We have presented a vastly simplified framework for Zuckerberg’s geometric proof technique for convex-hull results. By restating the method in terms of our notion of set characterizations, we were able to accomplish several benefits. Firstly, we have identified three major strategies one can pursue in Zuckerberg-type convex-hull proofs. This underlines the high flexibility in devising algorithmic schemes the method offers. Secondly, we have significantly extended the expressive power of Zuckerberg’s technique by basing it on a different underlying subset algebra. It can now be used to characterize the convex hulls of general convex sets, including, but not limited to integer polyhedra. Using this extension, we give characterizations of the convex hull of Boolean and bilinear functions over polytopal domains. Finally, we have given a variety of indicative examples for the use of our framework with the intention to convey the ideas as hands-on as possible.

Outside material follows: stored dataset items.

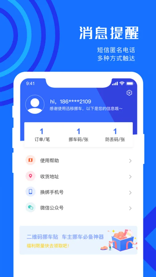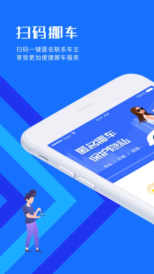 车上粘贴挪车二维码,扫描二维码,一键通知车主挪车。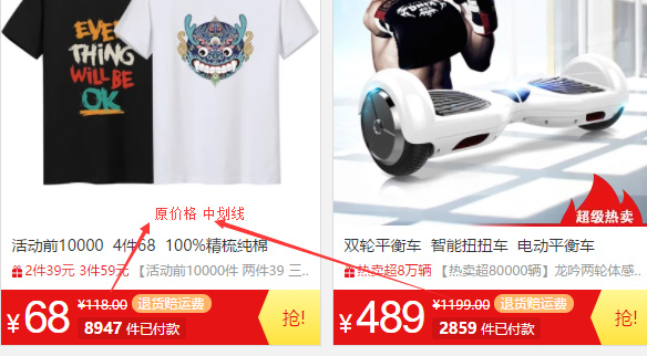 各大电商平台,个人商城也好,各大产品买卖也好,都会用原价格和优惠后价格形成对比,让用户产生购买下单欲望。通常会布局显示出原价格与优惠后价格,而原价格使用中划线(价格中间用一道横线删除线)。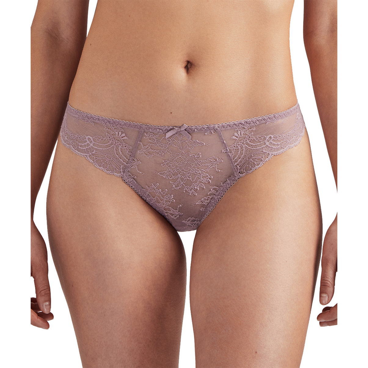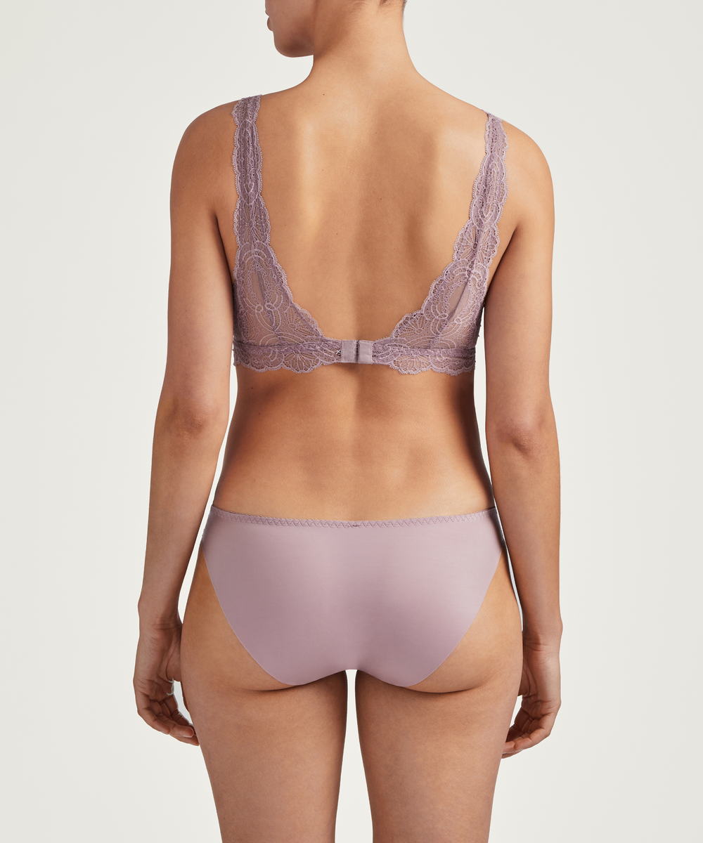 Труси-класичні із середньо-заниженою посадкою. Передня панель виготовлена з мережива з квітковим орнаментом, задня - з непрозорої мікрофібри з необробленими краями.

We find it a very interesting avenue for future research to develop further algorithmic strategies for Zuckerberg proofs and to extend the scope of those we have introduced. For example, one could not only consider linear programs but pass to (mixed-)integer ones when following the technique using feasibility subproblems. This might entail the consideration of minimally infeasible subsystems to verify the set characterizations.

Altogether, we make a strong case for the canonization of Zuckerberg’s proof technique in standard text books on integer programming and polyhedral combinatorics. We are certain it will enable many more interesting convex-hull results in the future.